# 1994 Maxima Power window Switch Problem



## jwa (Dec 22, 2006)

Hi All,
The passenger front power window will go down but won't come up with either the master switch on the driver's door nor the passenger switch on the passenger door...however, if I uncouple the plug at the passenger door and feed live power to the close pin in the plug then the window will close so I gather the motor and regulator are ok so now the question is whether or not the master switch is pooched or the switch on the passenger door...is there a way to test the circuit board on either the master switch or the passenger switch to determine if it's ok?.....your help will be much appreciated.


----------



## internetautomart (Mar 8, 2004)

Does the window stay up?


----------



## jwa (Dec 22, 2006)

Thx for the reply....yes the window will stay up and if you disconnect the wiring harness from the front passenger window switch and run live 12 volts alternately to the up an down pins of the switch then the window will go both up and down respectively.
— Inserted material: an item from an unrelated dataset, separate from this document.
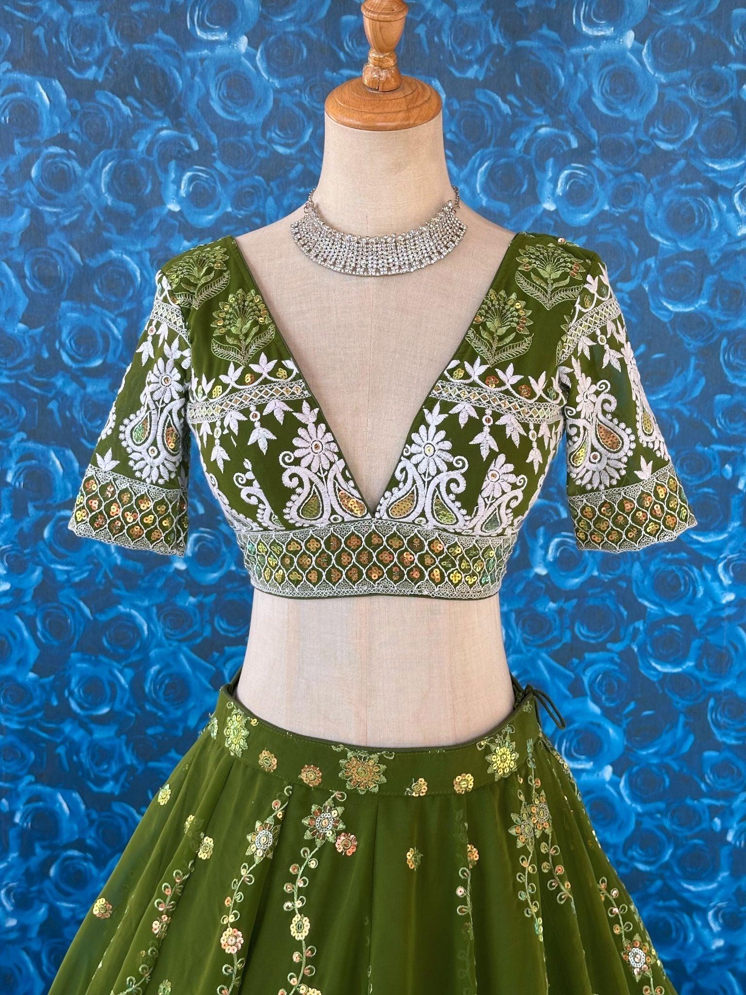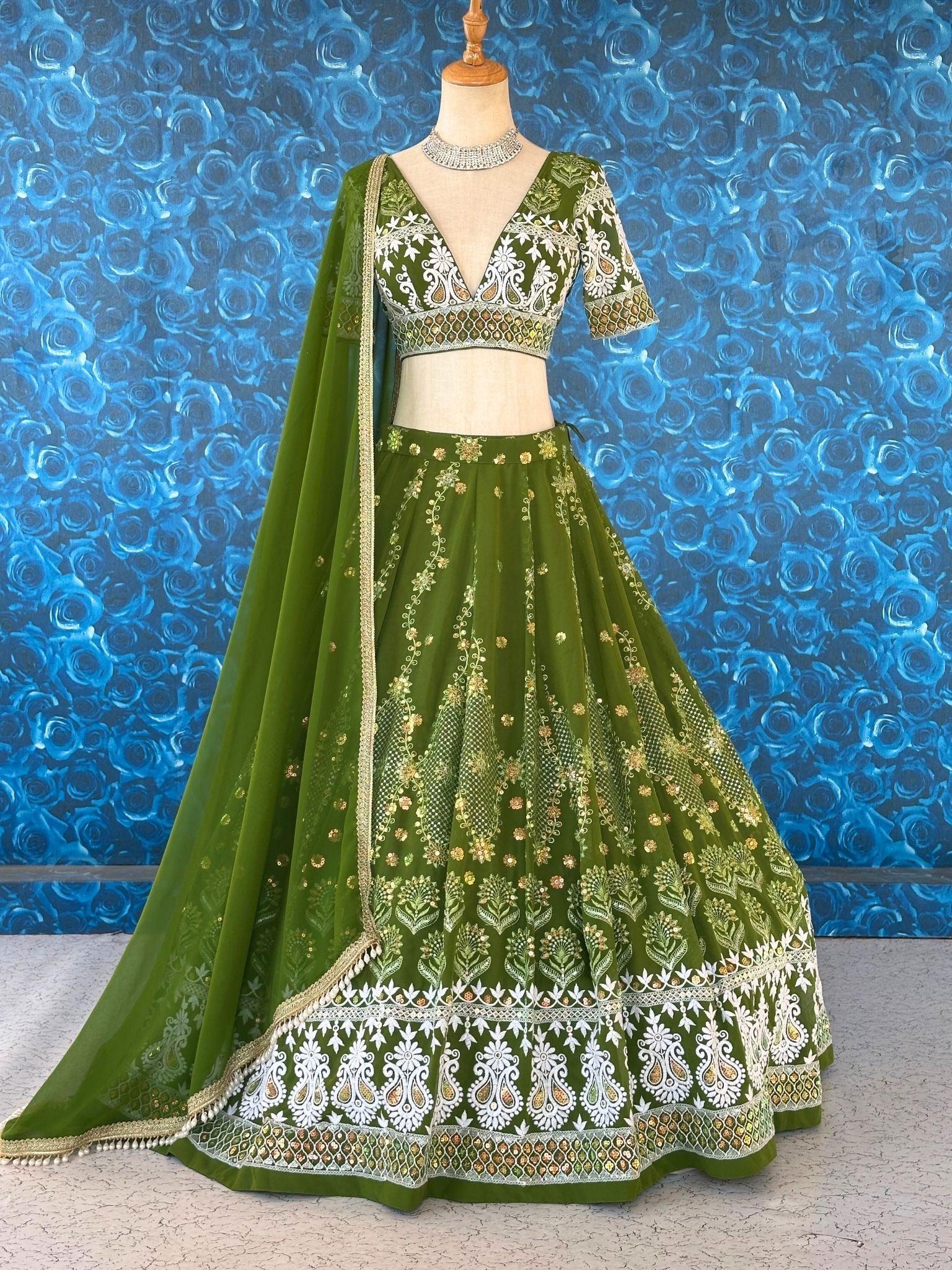 Heavy Embrodery Green Lehenga Set With Sequence Work

This leads me to believe that it is the passenger window switch gone bad but it could also be the front passenger switch on the master switch on the driver's side gone bad as well and I don't know how to test these switches for that fault....have you any ideas?


----------



## internetautomart (Mar 8, 2004)

just the swapping of the rear switch to the front and see if that helps


----------



## jwa (Dec 22, 2006)

Ya ok, I thought about doing that but I wasn't sure if the front and back switches had the same circuitry but now I will try it and see what happens.
Thx for the reply and Happy Holidays


----------



## Dirt Rich (Jan 27, 2007)

Master switches are a pretty notorious problem on the 3rd gen. Just had to replace mine as a matter of fact.


----------



## jwa (Dec 22, 2006)

Dirt Rich said:


> Master switches are a pretty notorious problem on the 3rd gen. Just had to replace mine as a matter of fact.


Thx for the reply....the problem turned out to be the passenger door switch for as soon as I replaced it with a new one everything started to work ok...now I have a spare master switch


----------